In the event that the only positive result is that of the positive VCM, with other techniques being negative, this will indicate a 55% probability of an antibody-mediated rejection episode in the first year versus a 5% probability in the case of a negative VCM. Forty-five percent of recipients who do not suffer a rejection episode will have a survival similar to those with negative VCM; only those that suffer from a rejection episode will have survival reduced by 20% at 5 years.5

Anti-HLA-C,6 anti-HLA-DQ7 and anti-HLA-DP8 antibodies have been associated with rejection. If the recipient has antibodies against these antigens then it may be appropriate to know the donor's alleles at these loci, although the pretransplant prognostic value of these antibodies is not well defined.

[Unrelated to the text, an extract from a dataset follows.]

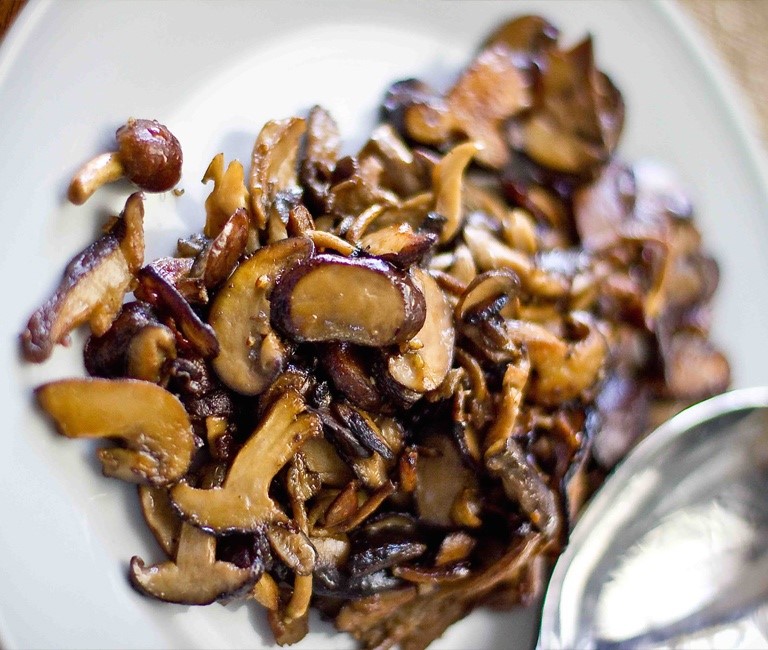 Бросьте грибы на разогретую сковородку, помешивайте, пока они не станут коричневыми, и добавьте оливкое масло и чеснок. Добавьте белое вино, а когда оно испарится, посолите.

VCM has a high negative predictive value for cytotoxicity crossmatch. Its PPV is lower, i.e., it detects antibodies that are not revealed by cytotoxicity.9

It follows that a positive VCM, on its own, does not imply that a transplant is necessarily contraindicated. It is, however, a red flag indicating the need for a thorough evaluation, careful monitoring and immunosuppression aimed at controlling alloantibody production.

Usefulness and interpretation of the preliminary crossmatch

The preliminary crossmatch is indicated in recipients at risk for positive crossmatch. The purpose of this preliminary study is to avoid expensive studies on donors at high risk of being rejected for immunological reasons in the immediate pretransplant tests (10 days).

The crossmatches to be used for the immediate pretransplant study must be included.

Recipients at risk for positive lymphocyte crossmatch are those who: 1) have a positive CDC-PRA or solid-phase PRA, 2) are recipients of retransplants including those without alloantibodies detected by CDC-PRA, and 3) women who have been pregnant prior to their candidacy as donor (Figure 1).

Immediate pre-transplant study (10 days)

Lymphocyte CDC crossmatch between donor and recipient

This test must be performed before any kidney transplantation.

A positive complement dependent cytotoxicity (CDC) crossmatch using T-lymphocytes or total lymphocytes at 22ºC±5ºC have a PPV for graft loss in the first 48 hours of 80%, which therefore contraindicates transplantation. 

Transplantation may not be contraindicated if there is evidence that the positive result was due to anti-IgM autoantibodies. This requires that: 1) the positive becomes negative after serum treatment with DTT, 2) there is no evidence of a sensitising event in the last 15 days and 3) the determination of solid-phase anti-HLA alloantibody screening (Luminex) is negative in serum that was CDC-PRA positive. Autoreactivity can be confirmed using evidence of autoimmune diseases (SLE, RA, PBC, etc.) or previous or simultaneous determination of a positive autologous complement dependent cytotoxicity (CDC) crossmatch, which becomes negative after serum treatment with DTT.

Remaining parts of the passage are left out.